[Exercise objective] Within the entries below, please return exactly the lines from the one with "금년의 경우 신청 편의성" through the one with "Plus Size Ombre", leaving out any pictures.

[Data for processing]
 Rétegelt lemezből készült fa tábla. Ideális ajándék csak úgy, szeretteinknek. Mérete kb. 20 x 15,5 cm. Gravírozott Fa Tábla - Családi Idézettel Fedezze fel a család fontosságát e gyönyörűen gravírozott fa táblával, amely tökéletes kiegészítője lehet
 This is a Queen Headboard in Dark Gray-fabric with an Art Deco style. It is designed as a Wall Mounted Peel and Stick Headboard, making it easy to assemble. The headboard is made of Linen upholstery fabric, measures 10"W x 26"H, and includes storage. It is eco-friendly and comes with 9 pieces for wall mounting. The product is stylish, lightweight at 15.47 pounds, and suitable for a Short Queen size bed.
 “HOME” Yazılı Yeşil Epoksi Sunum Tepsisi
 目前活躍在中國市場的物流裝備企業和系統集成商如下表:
--
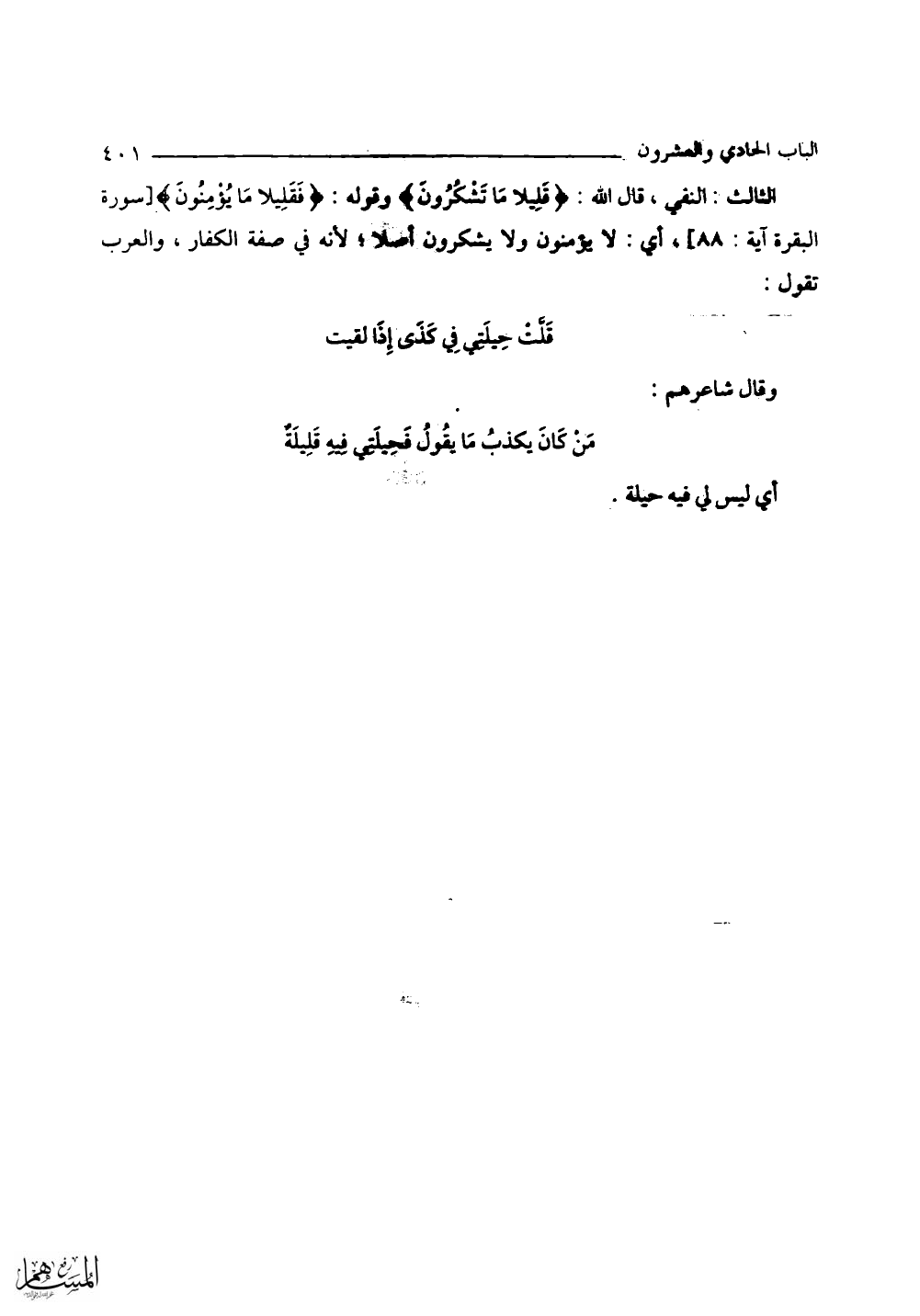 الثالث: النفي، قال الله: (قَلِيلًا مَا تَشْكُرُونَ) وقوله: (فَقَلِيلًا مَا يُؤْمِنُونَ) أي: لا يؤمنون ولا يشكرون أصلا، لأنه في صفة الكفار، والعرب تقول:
==
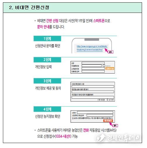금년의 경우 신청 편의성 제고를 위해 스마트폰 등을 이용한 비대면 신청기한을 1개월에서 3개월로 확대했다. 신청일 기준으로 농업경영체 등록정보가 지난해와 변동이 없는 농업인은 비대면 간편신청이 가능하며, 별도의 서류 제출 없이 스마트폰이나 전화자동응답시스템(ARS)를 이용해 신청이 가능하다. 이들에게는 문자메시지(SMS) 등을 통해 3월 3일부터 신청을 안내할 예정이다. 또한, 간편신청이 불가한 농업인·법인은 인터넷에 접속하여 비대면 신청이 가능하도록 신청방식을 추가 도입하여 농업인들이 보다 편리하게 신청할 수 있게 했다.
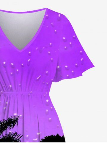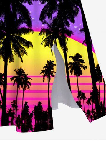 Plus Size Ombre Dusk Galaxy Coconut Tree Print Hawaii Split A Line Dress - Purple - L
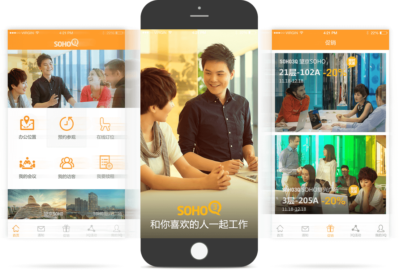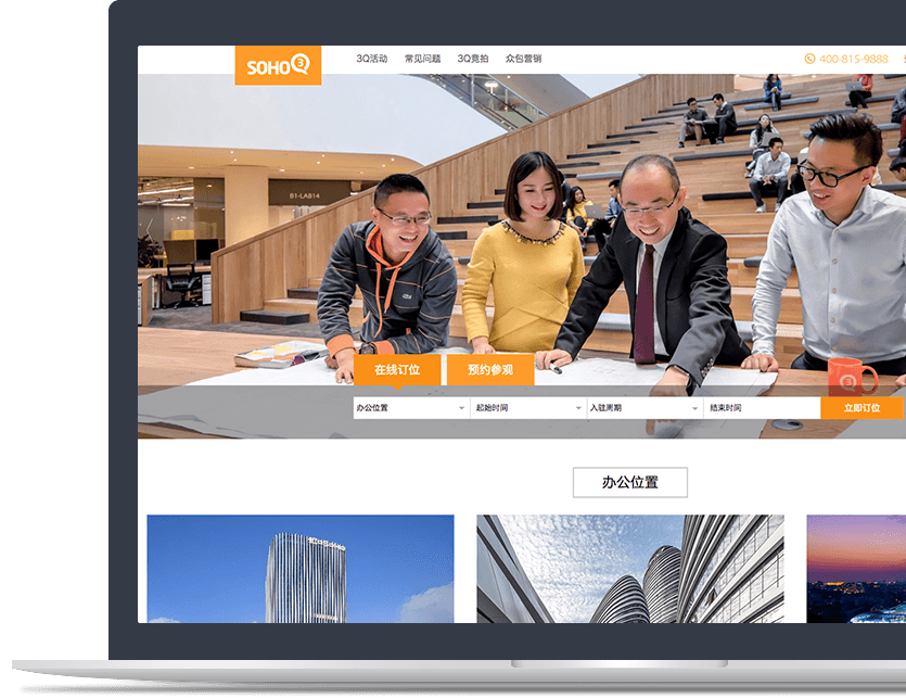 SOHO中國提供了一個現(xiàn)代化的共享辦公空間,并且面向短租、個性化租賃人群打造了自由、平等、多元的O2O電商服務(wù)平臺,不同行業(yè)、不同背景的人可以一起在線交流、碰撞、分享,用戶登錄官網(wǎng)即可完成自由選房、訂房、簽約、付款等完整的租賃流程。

[Exercise solution]
금년의 경우 신청 편의성 제고를 위해 스마트폰 등을 이용한 비대면 신청기한을 1개월에서 3개월로 확대했다. 신청일 기준으로 농업경영체 등록정보가 지난해와 변동이 없는 농업인은 비대면 간편신청이 가능하며, 별도의 서류 제출 없이 스마트폰이나 전화자동응답시스템(ARS)를 이용해 신청이 가능하다. 이들에게는 문자메시지(SMS) 등을 통해 3월 3일부터 신청을 안내할 예정이다. 또한, 간편신청이 불가한 농업인·법인은 인터넷에 접속하여 비대면 신청이 가능하도록 신청방식을 추가 도입하여 농업인들이 보다 편리하게 신청할 수 있게 했다.
 Plus Size Ombre Dusk Galaxy Coconut Tree Print Hawaii Split A Line Dress - Purple - L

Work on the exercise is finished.